§ Instructions for the task: Pull out from the material below all lines with "area".

§ Exercise material:
- - -
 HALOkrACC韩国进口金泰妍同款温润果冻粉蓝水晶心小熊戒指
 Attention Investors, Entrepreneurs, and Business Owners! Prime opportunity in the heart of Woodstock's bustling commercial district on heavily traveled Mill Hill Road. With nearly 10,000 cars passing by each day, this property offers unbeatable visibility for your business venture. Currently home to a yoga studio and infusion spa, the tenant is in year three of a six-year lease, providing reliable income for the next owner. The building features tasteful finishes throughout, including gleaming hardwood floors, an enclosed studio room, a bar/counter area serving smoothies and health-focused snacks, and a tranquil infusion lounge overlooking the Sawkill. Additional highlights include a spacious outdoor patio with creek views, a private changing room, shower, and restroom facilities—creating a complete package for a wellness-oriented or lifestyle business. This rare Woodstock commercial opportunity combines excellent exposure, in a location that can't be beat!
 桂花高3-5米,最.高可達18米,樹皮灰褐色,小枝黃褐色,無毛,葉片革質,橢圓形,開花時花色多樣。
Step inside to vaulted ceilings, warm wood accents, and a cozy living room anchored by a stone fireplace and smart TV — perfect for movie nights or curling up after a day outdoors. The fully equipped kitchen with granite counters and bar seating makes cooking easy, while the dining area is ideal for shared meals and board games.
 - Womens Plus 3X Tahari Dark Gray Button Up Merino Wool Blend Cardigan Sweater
- - -
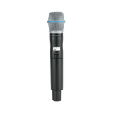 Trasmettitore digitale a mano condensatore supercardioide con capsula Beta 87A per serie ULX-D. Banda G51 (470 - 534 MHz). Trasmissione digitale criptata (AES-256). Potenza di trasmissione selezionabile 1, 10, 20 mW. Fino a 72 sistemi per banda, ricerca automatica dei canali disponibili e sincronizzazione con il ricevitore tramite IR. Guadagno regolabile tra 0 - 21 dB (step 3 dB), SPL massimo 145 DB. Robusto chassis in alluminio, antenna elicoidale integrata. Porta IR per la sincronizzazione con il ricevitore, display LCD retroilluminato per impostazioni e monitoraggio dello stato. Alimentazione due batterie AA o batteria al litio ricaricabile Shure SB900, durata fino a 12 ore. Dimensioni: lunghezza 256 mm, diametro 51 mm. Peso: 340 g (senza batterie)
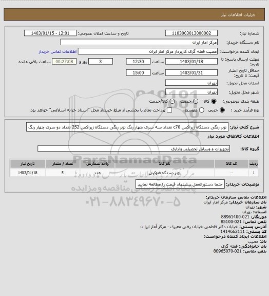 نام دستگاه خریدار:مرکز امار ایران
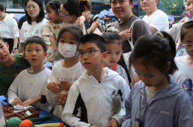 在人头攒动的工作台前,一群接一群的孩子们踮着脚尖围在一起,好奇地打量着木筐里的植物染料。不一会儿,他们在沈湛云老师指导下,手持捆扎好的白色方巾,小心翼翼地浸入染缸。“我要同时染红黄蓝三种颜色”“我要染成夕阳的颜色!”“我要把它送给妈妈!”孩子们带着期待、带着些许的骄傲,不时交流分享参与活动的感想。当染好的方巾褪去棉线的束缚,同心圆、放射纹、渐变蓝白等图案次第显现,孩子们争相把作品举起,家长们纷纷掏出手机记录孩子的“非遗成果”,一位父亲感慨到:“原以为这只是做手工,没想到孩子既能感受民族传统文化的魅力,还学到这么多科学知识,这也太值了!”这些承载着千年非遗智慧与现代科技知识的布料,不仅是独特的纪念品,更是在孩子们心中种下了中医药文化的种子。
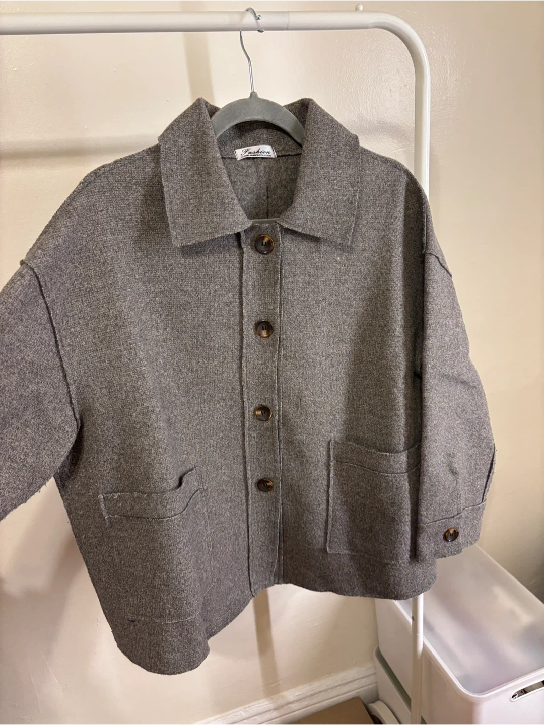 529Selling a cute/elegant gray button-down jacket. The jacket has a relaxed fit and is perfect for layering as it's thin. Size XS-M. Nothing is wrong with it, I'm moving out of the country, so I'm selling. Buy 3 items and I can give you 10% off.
- - -
§ Your solution:
 Attention Investors, Entrepreneurs, and Business Owners! Prime opportunity in the heart of Woodstock's bustling commercial district on heavily traveled Mill Hill Road. With nearly 10,000 cars passing by each day, this property offers unbeatable visibility for your business venture. Currently home to a yoga studio and infusion spa, the tenant is in year three of a six-year lease, providing reliable income for the next owner. The building features tasteful finishes throughout, including gleaming hardwood floors, an enclosed studio room, a bar/counter area serving smoothies and health-focused snacks, and a tranquil infusion lounge overlooking the Sawkill. Additional highlights include a spacious outdoor patio with creek views, a private changing room, shower, and restroom facilities—creating a complete package for a wellness-oriented or lifestyle business. This rare Woodstock commercial opportunity combines excellent exposure, in a location that can't be beat!
Step inside to vaulted ceilings, warm wood accents, and a cozy living room anchored by a stone fireplace and smart TV — perfect for movie nights or curling up after a day outdoors. The fully equipped kitchen with granite counters and bar seating makes cooking easy, while the dining area is ideal for shared meals and board games.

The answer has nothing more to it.